Mon site WordPress a été hacké : que faire ?

Vous ouvrez votre site et quelque chose a changé. Des publicités que vous n’avez jamais mises. Une redirection vers un site inconnu. Un message d’alerte Google. Ou pire : une page blanche.

Votre site WordPress a été piraté. Et là, c’est la panique.

Respirez. C’est récupérable dans l’immense majorité des cas. Mais il faut agir vite et dans le bon ordre. Voici exactement quoi faire, étape par étape, même si vous n’êtes pas technicien.

Pourquoi les sites WordPress se font pirater

Avant d’agir, comprenez ce qui s’est passé. WordPress fait tourner plus de 40 % des sites web dans le monde.
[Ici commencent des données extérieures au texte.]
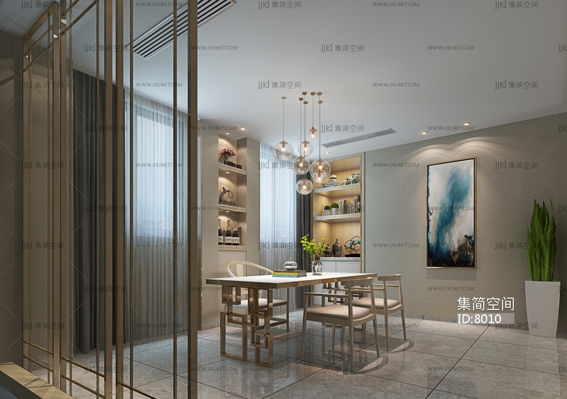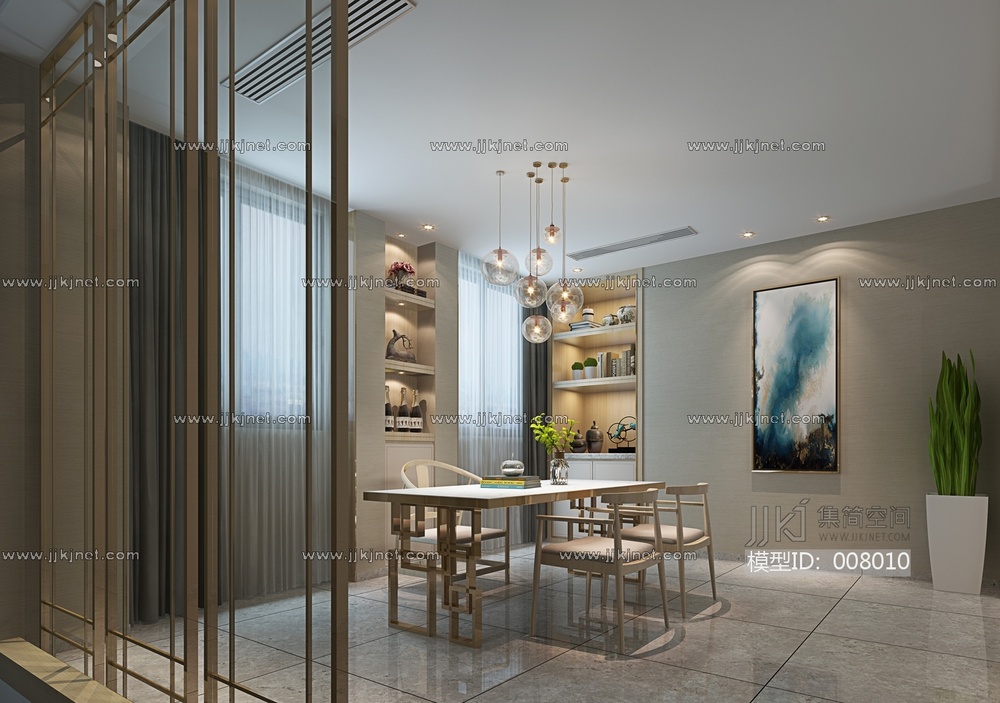 06-1021新中式书房 3d模型下载 [模型ID:8010]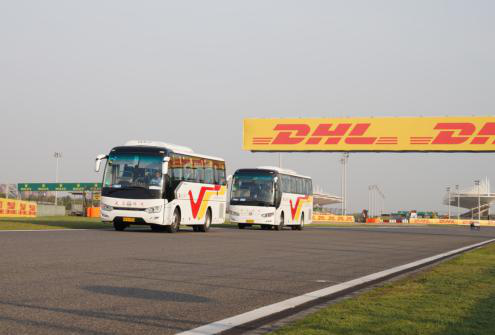 在随后的三天比赛期间,车队全体驾驶员服从指挥、听从安排,严守时间要求,注重服务细节,确保服务质量。尽管每天四、五点起床,但是每天提早准备,按时待命,以优质的服务赢得了客户的认可。每日的行驶路程虽然不长,但是因为需要进入赛道,同时为体现与国际性赛事相匹配的服务保障,主委会对于车辆清洁度、行驶路线、停车位置等都有精确要求。车队在现场管理人员的协调指挥下,列队整齐,井然有序,体现出了大客车龙头企业应有的品牌形象。大赛期间共为主办方提供99车次用车,出色完成客车保障服务,为大赛的顺利举办打下了扎实的基础。

C’est une qualité, mais c’est aussi ce qui en fait une cible privilégiée pour les pirates.

Les trois causes principales de piratage sont toujours les mêmes.

Les extensions (plugins) obsolètes. Chaque plugin est un bout de code écrit par un développeur tiers. Quand une faille de sécurité est découverte, une mise à jour est publiée pour la corriger. Si vous ne faites pas cette mise à jour, la faille reste ouverte, et les pirates le savent. Ils scannent automatiquement des millions de sites à la recherche de ces failles connues.
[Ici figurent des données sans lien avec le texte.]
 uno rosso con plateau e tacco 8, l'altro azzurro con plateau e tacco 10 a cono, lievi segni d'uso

Les mots de passe faibles. « admin / admin123 », ça fait sourire, mais c’est encore la réalité sur beaucoup de sites. Les attaques par force brute testent des milliers de combinaisons par minute. Sans protection, c’est une question de temps.

Un hébergement mal configuré. Permissions de fichiers trop ouvertes, PHP obsolète, pas de pare-feu, pas de supervision, votre hébergeur fournit un serveur, mais la sécurité dépend souvent de vous. Et si personne ne s’en occupe, personne ne détecte l’intrusion.

Les signes que votre site a été piraté

Certains piratages sont visibles, d’autres non. Voici les signaux les plus courants :

Votre site redirige vers un autre site. Vous tapez votre adresse et vous atterrissez sur une pharmacie en ligne, un casino ou un site pour adultes. C’est le signe le plus évident : un pirate a modifié le code de votre site pour rediriger vos visiteurs.

Du contenu inconnu apparaît sur vos pages. Des liens, des publicités, des textes en japonais ou en anglais que vous n’avez jamais écrits. C’est souvent ce qu’on appelle un « Japanese SEO hack » : le pirate utilise votre site pour positionner ses propres pages dans Google.

Google affiche un avertissement. Si vous voyez « Ce site peut endommager votre ordinateur » dans les résultats de recherche, Google a détecté du code malveillant sur votre site. Vos visiteurs verront cet avertissement et ne cliqueront pas. Votre référencement s’effondre.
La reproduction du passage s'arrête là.